People who receive retirement or disability benefits from the Railroad Retirement Board or Social Security Administration are automatically enrolled in Medicare when they become eligible. For example, a person who takes Social Security retirement at 62 could expect to receive their Medicare card in the mail 3 months before their 65th birthday.

Initial Enrollment in Medicare

Eligible people who aren’t automatically enrolled in Medicare can sign up during their Initial Enrollment Period (IEP). For people eligible due to age, this 7-month window starts 3 months before the month they turn 65. For example, if you’re turning 65 in August, your IEP would run from May 1 to November 30.

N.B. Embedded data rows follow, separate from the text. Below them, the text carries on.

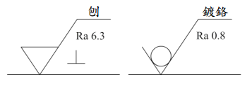 【已刪除】三、在工程圖上看到兩個表面織構符號(surface texture,又稱表面符號)標註如下,請 說明這兩個符號要求在加工製程上的差異。(15 分)
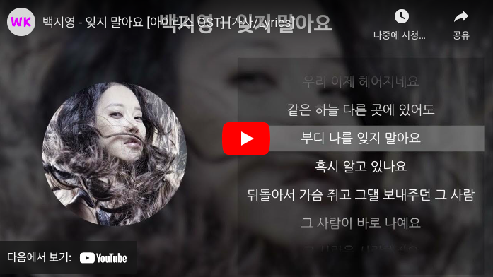 백지영의 '잊지 말아요'는 단순한 드라마 OST를 넘어, 사랑과 이별에 대한 깊은 공감을 불러일으키는 곡입니다. 이 곡을 들으며 드라마 아이리스의 감동을 다시 느껴보세요.
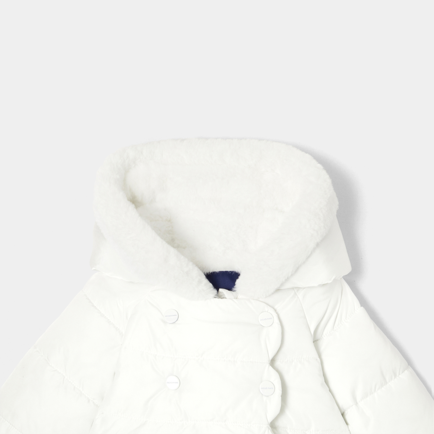 Made to withstand the test of time, this baby girl puffer jacket strikes the right balance between elegance and modernity. Made with water-repellent nylon and lined in faux fur for optimal coverage, it opens with zippers and snaps for easy dressing. Worn over a dress or with trousers, it will be perfect for a autumn getaway with the family.- Nylon- Faux fur lining- Crossed zip and snap opening- Integrated lined hood- Repreve recycled fibre filling
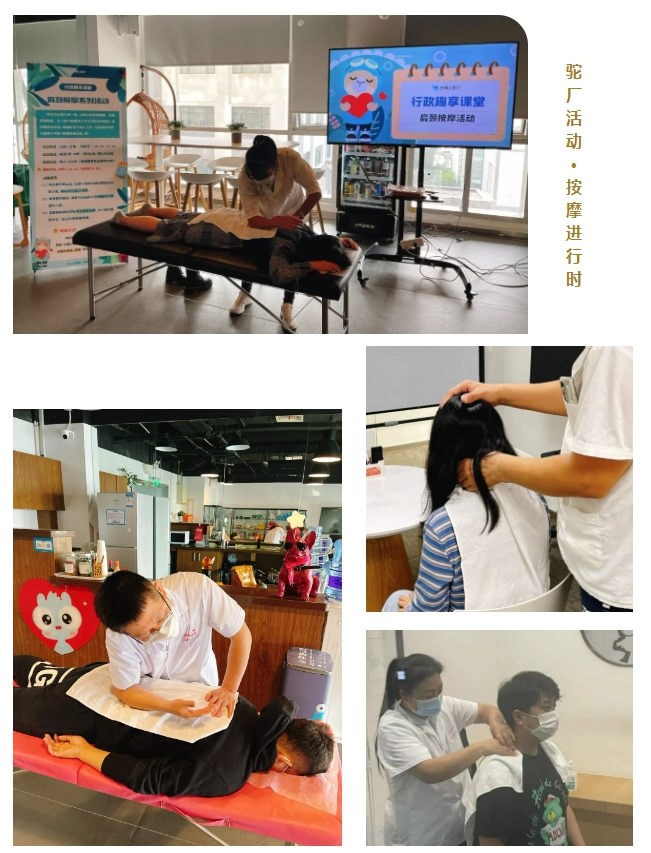 关注并提升员工心理和生理健康,也可以帮助构建积极的工作环境,行政可安排专业人员给员工做理疗、按摩,帮助员工维持或恢复更好的工作状态~
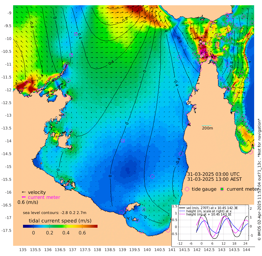 17cm/s 57T +3cm/s rms + 7cm/s -42T. ARA-GOC87 57m 10cm/s 160T +3cm/s rms + 2cm/s -2T. ARA-GOC87 60m 17cm/s 34T +2cm/s rms + 3cm/s 61T. ARA-GOC87 47m 96cm Daru 92cm Bobo Island 14cm Meer Island Barge 37cm Bramble Cay 68cm Unnamed Cay 72cm Pearce Cay 59cm Stephens Island 61cm Merrie England Shoals 90cm Mutacomal Reef 56cm Darnley Island Barge 13cm East Cay 78cm Yorke Island Barge 74cm Rennel Island 80cm Aureed Island 84cm Dungeness Reef 108cm Zagai Island 103cm Yam Island 85cm Dauan Island 90cm Saibai Island 74cm Phipi Reef 113cm Warrior Reef - West 47cm Mabuiag Island Barge 77cm Half Way Island 86cm Coconut Island 88cm Dugong Islet 93cm Poll Island 90cm Kirkcaldie Reef 80cm Suarji Island 98cm Sue Islet -52cm Hawkesbury Island 60cm Alert Patches 74cm Twin Island -36cm Badu Island 84cm St Pauls (Moa Island) -11cm Kubin (Moa Island) 41cm Ince Point 17cm Thursday Island 24cm Nardana Patches -18cm Turtle Head -40cm Round Island -71cm Goods Island -103cm Booby Island -95cm White Rocks Area -86cm Carpentaria 70cm Papou Point -110cm Bampfield Head -89cm Crab Island -87cm Red Wallis Island -42cm Packe Island 93cm Harrington Reef -72cm Herald Camp 36cm Sharp Point -14cm Red Island Point 21cm Possession Island 81cm Alpha Rock 85cm Frederick Point 93cm Wyborn Reef Light 97cm Tetley Island 21cm Triangle Reef 86cm Turtle Head Island 13cm Maclennan Cay -17cm Raine Island 62cm Mcsweeny Reef 49cm Collette Reef 13cm Shadwell Reef 52cm Hannibal Island 31cm Round Point -88cm Vrilya Point 22cm Cape Grenville 18cm Hicks Island 17cm Sir Charles Hardy Island 9cm Harvey Island 3cm Kay Reef -6cm Rocky Island -20cm Chapman Island -14cm Ham Reef -5cm Jubilee Reef -3cm Night Island -16cm Unnamed Reef No. 3 -8cm Morris Island -17cm 1st 3 Mile Opening -10cm Creech Reef -2cm Fife Island -16cm Eden Reef -11cm Stanley Island -4cm Normanby River -39cm Yabooma Island -21cm Hutchison River -29cm Elcho Island -25cm North West Crocodile Island 24cm Cape Wessel -2cm Stevens Island 69cm Guluwuru Island -20cm Hopeful Bay 3cm Auster Point 19cm Two Island Bay 36cm Cadell Strait 153cm Mallison Island 46cm Melville Bay (Gove Harbour) 50cm Truant Island 40cm Cape Arnhem 29cm Cape Grey 23cm Hawk Island 6cm Milner Bay (Groote Eylandt) 8cm Cape Beatrice 2cm West Island -8cm Centre Island 1cm Mornington Island -1cm West Wellesley Islands -13cm Bountiful Island -11cm Albert River Mouth -19cm Sweers Island -16cm Karumba -16cm Nassau River Offshore -29cm Christmas Creek -60cm Archer River -53cm Boyd Point -74cm Weipa (Humbug Point) -64cm Pennefather River -79cm Cullen Point

Set Enrollment Periods for Medicare

Medicare offers recurring enrollment periods at set times throughout the year, though there are limits to what changes can be made during each period. Some periods can be used to sign up for Medicare, while others provide an opportunity to change your existing coverage:

  • Open Enrollment Period: The Medicare Advantage Open Enrollment Period runs from January 1 to March 31 each year. During this enrollment period, people who already have Medicare Advantage can enroll in a different Medicare Advantage plan or return to Original Medicare.
  • General Enrollment Period: Medicare’s General Enrollment Period takes place from January 1 to March 31. People who did not get Part A and/or Part B during their Initial Enrollment Period can sign up at this time, though late enrollment penalties may apply. 
  • Annual Enrollment Period: Between October 15 and December 7 each year, those who already have Medicare can make a variety of changes. Permitted changes include switching between Medicare Advantage and Original Medicare, or joining, switching, or dropping a Part D drug plan. 
  • Special Enrollment Periods: People who work past 65 and have job-based health coverage may be eligible for a Special Enrollment Period. An 8-month SEP begins the month the job-based coverage ends or when the covered employee leaves their job, whichever happens first.